### TASK GOAL:
What is needed here is an exact copy of all the records below.

[DATA FOR PROCESSING]

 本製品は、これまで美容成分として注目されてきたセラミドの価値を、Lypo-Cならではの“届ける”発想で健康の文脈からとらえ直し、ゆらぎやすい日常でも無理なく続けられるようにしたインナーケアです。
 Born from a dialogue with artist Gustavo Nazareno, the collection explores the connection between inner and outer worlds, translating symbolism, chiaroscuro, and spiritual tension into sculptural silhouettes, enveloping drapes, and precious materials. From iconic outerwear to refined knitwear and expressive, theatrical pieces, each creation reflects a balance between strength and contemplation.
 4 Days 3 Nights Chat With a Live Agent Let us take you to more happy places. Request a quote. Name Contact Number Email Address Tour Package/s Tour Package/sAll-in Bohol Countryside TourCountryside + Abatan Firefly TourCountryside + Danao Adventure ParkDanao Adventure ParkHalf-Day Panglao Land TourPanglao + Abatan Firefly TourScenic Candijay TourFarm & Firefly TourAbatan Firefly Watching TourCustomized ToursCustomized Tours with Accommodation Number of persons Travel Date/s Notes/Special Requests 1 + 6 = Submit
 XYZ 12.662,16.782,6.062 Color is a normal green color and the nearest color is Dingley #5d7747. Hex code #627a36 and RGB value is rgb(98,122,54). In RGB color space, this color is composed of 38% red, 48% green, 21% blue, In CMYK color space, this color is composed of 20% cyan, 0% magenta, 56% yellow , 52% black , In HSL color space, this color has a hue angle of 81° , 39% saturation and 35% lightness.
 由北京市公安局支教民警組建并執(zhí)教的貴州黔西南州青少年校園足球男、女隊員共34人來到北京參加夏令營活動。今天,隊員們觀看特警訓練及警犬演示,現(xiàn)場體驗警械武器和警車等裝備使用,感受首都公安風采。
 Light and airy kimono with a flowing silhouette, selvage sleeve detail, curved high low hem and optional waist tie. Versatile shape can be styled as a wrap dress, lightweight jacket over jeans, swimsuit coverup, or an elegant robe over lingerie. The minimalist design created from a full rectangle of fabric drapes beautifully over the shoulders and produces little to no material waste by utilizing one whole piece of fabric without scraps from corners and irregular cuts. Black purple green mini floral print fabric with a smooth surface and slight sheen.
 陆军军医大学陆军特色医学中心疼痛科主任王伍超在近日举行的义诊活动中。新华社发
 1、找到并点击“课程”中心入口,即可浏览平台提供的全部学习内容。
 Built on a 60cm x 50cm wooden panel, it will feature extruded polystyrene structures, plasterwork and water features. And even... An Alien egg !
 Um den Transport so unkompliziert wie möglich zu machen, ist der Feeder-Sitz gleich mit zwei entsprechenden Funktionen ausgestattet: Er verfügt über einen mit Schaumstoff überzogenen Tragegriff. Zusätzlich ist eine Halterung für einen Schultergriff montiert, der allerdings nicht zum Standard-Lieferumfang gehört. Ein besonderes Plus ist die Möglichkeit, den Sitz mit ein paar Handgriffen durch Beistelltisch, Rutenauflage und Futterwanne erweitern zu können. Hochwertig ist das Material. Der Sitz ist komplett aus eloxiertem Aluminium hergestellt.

[/DATA FOR PROCESSING]

### OUTPUT BELOW:
 本製品は、これまで美容成分として注目されてきたセラミドの価値を、Lypo-Cならではの“届ける”発想で健康の文脈からとらえ直し、ゆらぎやすい日常でも無理なく続けられるようにしたインナーケアです。
 Born from a dialogue with artist Gustavo Nazareno, the collection explores the connection between inner and outer worlds, translating symbolism, chiaroscuro, and spiritual tension into sculptural silhouettes, enveloping drapes, and precious materials. From iconic outerwear to refined knitwear and expressive, theatrical pieces, each creation reflects a balance between strength and contemplation.
 4 Days 3 Nights Chat With a Live Agent Let us take you to more happy places. Request a quote. Name Contact Number Email Address Tour Package/s Tour Package/sAll-in Bohol Countryside TourCountryside + Abatan Firefly TourCountryside + Danao Adventure ParkDanao Adventure ParkHalf-Day Panglao Land TourPanglao + Abatan Firefly TourScenic Candijay TourFarm & Firefly TourAbatan Firefly Watching TourCustomized ToursCustomized Tours with Accommodation Number of persons Travel Date/s Notes/Special Requests 1 + 6 = Submit
 XYZ 12.662,16.782,6.062 Color is a normal green color and the nearest color is Dingley #5d7747. Hex code #627a36 and RGB value is rgb(98,122,54). In RGB color space, this color is composed of 38% red, 48% green, 21% blue, In CMYK color space, this color is composed of 20% cyan, 0% magenta, 56% yellow , 52% black , In HSL color space, this color has a hue angle of 81° , 39% saturation and 35% lightness.
 由北京市公安局支教民警組建并執(zhí)教的貴州黔西南州青少年校園足球男、女隊員共34人來到北京參加夏令營活動。今天,隊員們觀看特警訓練及警犬演示,現(xiàn)場體驗警械武器和警車等裝備使用,感受首都公安風采。
 Light and airy kimono with a flowing silhouette, selvage sleeve detail, curved high low hem and optional waist tie. Versatile shape can be styled as a wrap dress, lightweight jacket over jeans, swimsuit coverup, or an elegant robe over lingerie. The minimalist design created from a full rectangle of fabric drapes beautifully over the shoulders and produces little to no material waste by utilizing one whole piece of fabric without scraps from corners and irregular cuts. Black purple green mini floral print fabric with a smooth surface and slight sheen.
 陆军军医大学陆军特色医学中心疼痛科主任王伍超在近日举行的义诊活动中。新华社发
 1、找到并点击“课程”中心入口,即可浏览平台提供的全部学习内容。
 Built on a 60cm x 50cm wooden panel, it will feature extruded polystyrene structures, plasterwork and water features. And even... An Alien egg !
 Um den Transport so unkompliziert wie möglich zu machen, ist der Feeder-Sitz gleich mit zwei entsprechenden Funktionen ausgestattet: Er verfügt über einen mit Schaumstoff überzogenen Tragegriff. Zusätzlich ist eine Halterung für einen Schultergriff montiert, der allerdings nicht zum Standard-Lieferumfang gehört. Ein besonderes Plus ist die Möglichkeit, den Sitz mit ein paar Handgriffen durch Beistelltisch, Rutenauflage und Futterwanne erweitern zu können. Hochwertig ist das Material. Der Sitz ist komplett aus eloxiertem Aluminium hergestellt.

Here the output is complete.